In regards to his venue challenge, Maag claimed Pritzker and the Illinois legislature enacted the rule limiting jurisdiction over constitutional challenges to Cook and Sangamon Counties after “having been successfully sued on multiple occasions in recent years for violating the constitutional rights of citizens of Illinois.”

He wrote that the law is “designed to limit Second Amendment and related challenges to forums that the state considers either more friendly to its position, or sufficiently inconvenient to would-be plaintiffs to deter such actions from being filed in the first place, and abolishes forum non conveniens for those cases, no matter how inconvenient or inaccessible the forum is to the victim of the constitutional violation, and no matter where the effect of the Constitutional violation took place.”
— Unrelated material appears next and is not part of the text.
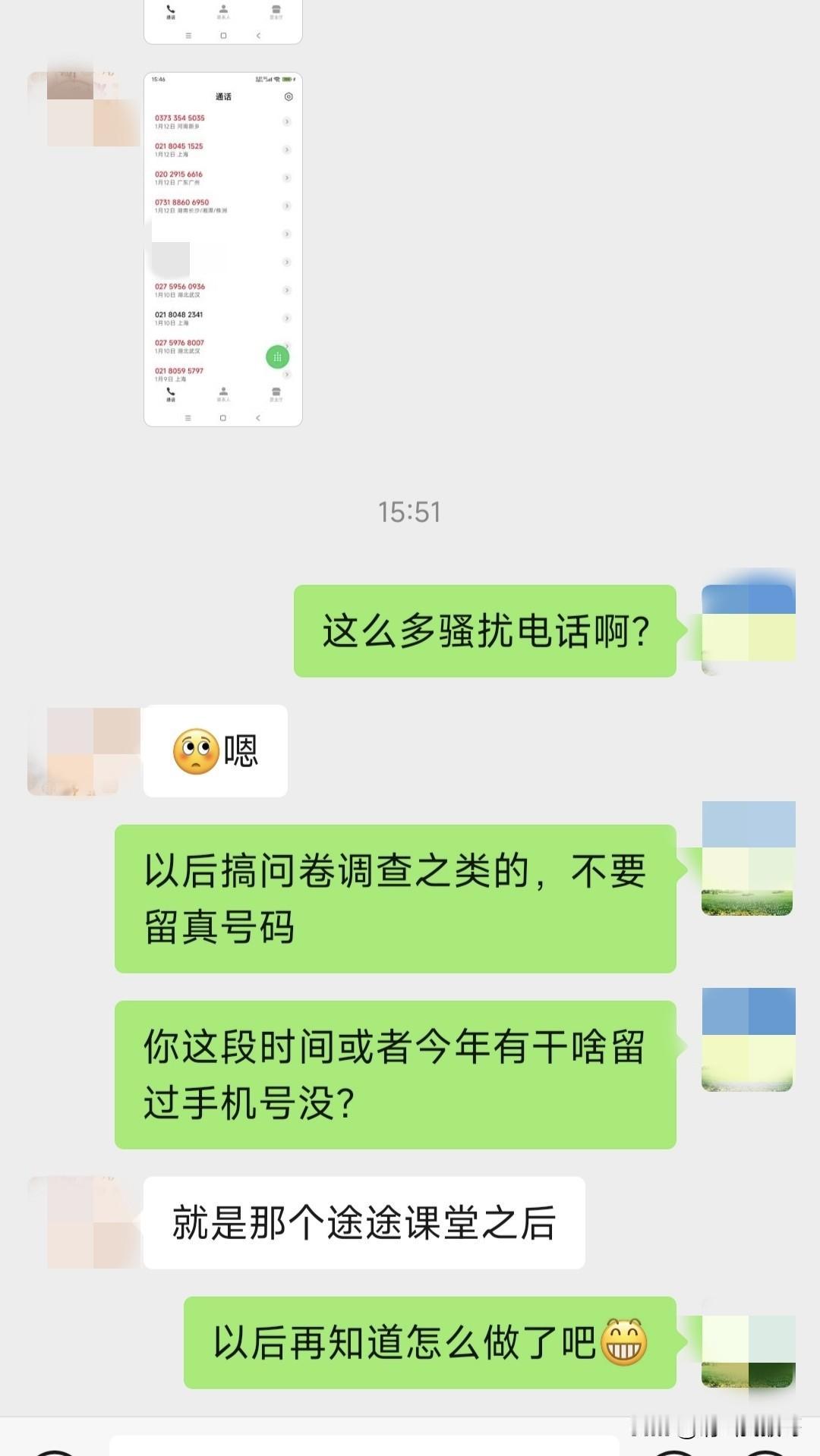 今天老婆告诉我,说这两三天她接到了几十个骚扰电话,截图给我看,全国各地的都有,大多都是座机号。我就问她最近有没有留过手机号,她告诉我学校推出的一个网络教育问卷调查填过手机号,我估计就是这个类似于小程序的问卷调查,获取了用户信息并且被泄露的。我就告诉她,以后凡是要填手机号的时候,就让她给我打个电话,毕竟她平时很少关注新闻,对这种信息泄露没有一定的防范意识。你们平时有因为填了手机号,短期内接到很多骚扰电话的吗?

“In fact, one of the great crimes against the colonies of King George III, prior to the Revolution, as noted in the Declaration of Independence was, in essence, fixing venue in far off and inconvenient lands,” Maag wrote. 

“The legal rights which a litigant might seek to exercise or protect exist only to the extent they are enforceable through the court system,” he added. “Depriving a litigant of the opportunity to use the courts effectively makes these legal rights worthless, which is the intent of the statute, so as to allow the state to violate the Constitution with relative impunity.”
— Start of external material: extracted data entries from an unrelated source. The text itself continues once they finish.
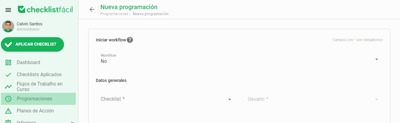 - Checklist: Solo estará disponible el checklist vinculado al 1° paso del flujo.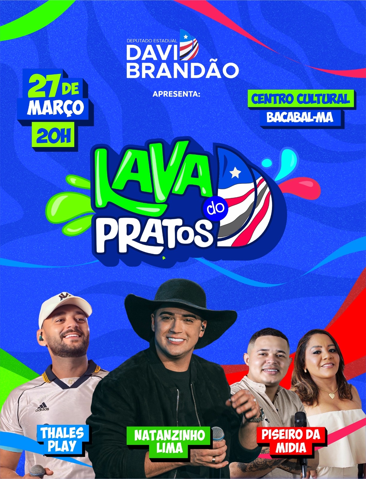 TERCEIRO LAVA-PRATOS “DB”TRÁS DE VOLTA O CARNAVAL FORA DE EPÓCA DE BACABAL,COM O APOIO DO DEPUTADO DAVI BRANDÃO DIA 27, NO CENTRO CULTURAL PRESENÇA GARANTIDA DE NATANZINHO LIMA E VÁRIAS ATRAÇÕES REGIONAIS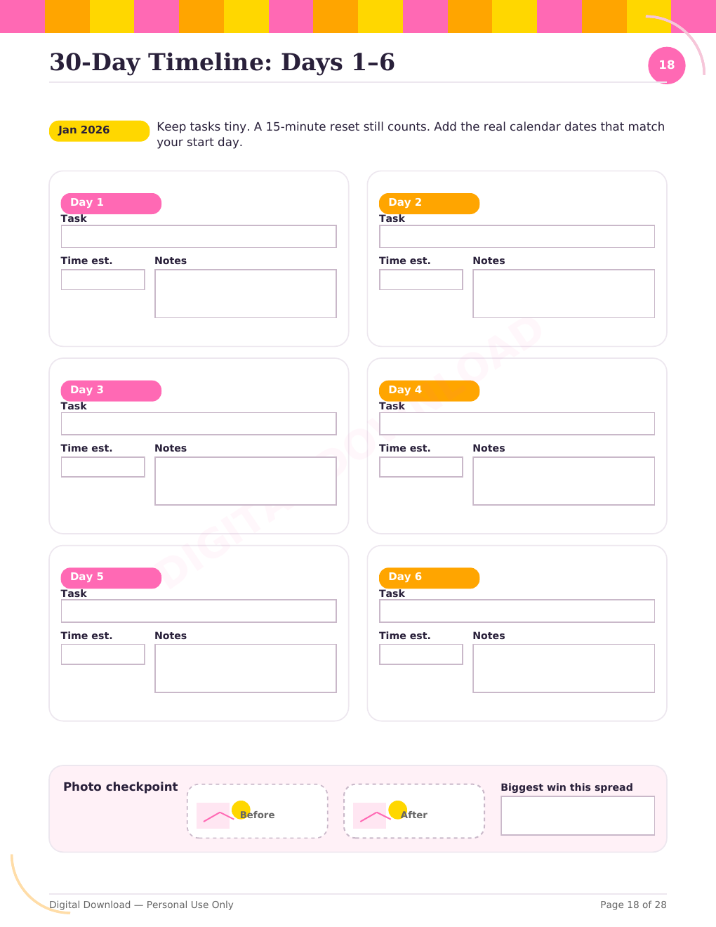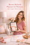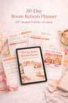 This 30-Day Room Refresh Planner for Women is a playful, practical printable workbook designed to help you transform one room at a time — without overwhelm, without perfection, and without spending a fortune.

“By making forums far off and inconvenient, and with possibly no connection to the dispute, the challenged statute substantially increases the likelihood of an inability to bring a successful constitutional challenge, especially by the infirm and impoverished, the weakest among us,” he continued.

Maag also argued that the Illinois Attorney General has satellite offices throughout the entire state and regularly litigates in even Illinois county, meaning it is already intimately familiar with local rules and procedures and equipped to litigate in the preferred circuit court. 

“Therefore, any argument that requiring a plaintiff to file suits only in counties of Cook and Sangamon would grossly inconvenience the Attorney General has no basis in fact,” Maag wrote.

On behalf of Piasa Armory, Maag also seeks a declaration that House Bill 0218, or the Firearm Industry Responsibility Act, is unconstitutional and an injunction barring its enforcement.

“Under HB0218, a dealer of firearms and firearm accessories, including Piasa Armory, LLC, may potentially be named in a civil action as a defendant by the Attorney General of Illinois for third parties misuse of firearms and firearms products,” Maag wrote.

However, Maag argues that the Protection of Lawful Commerce in Arms Act (PLCAA) immunizes gun dealers from such claims. 

He also argues that the liability law is void for vagueness for failing to specify what speech is targeted and is inconsistent with the nation’s historical tradition.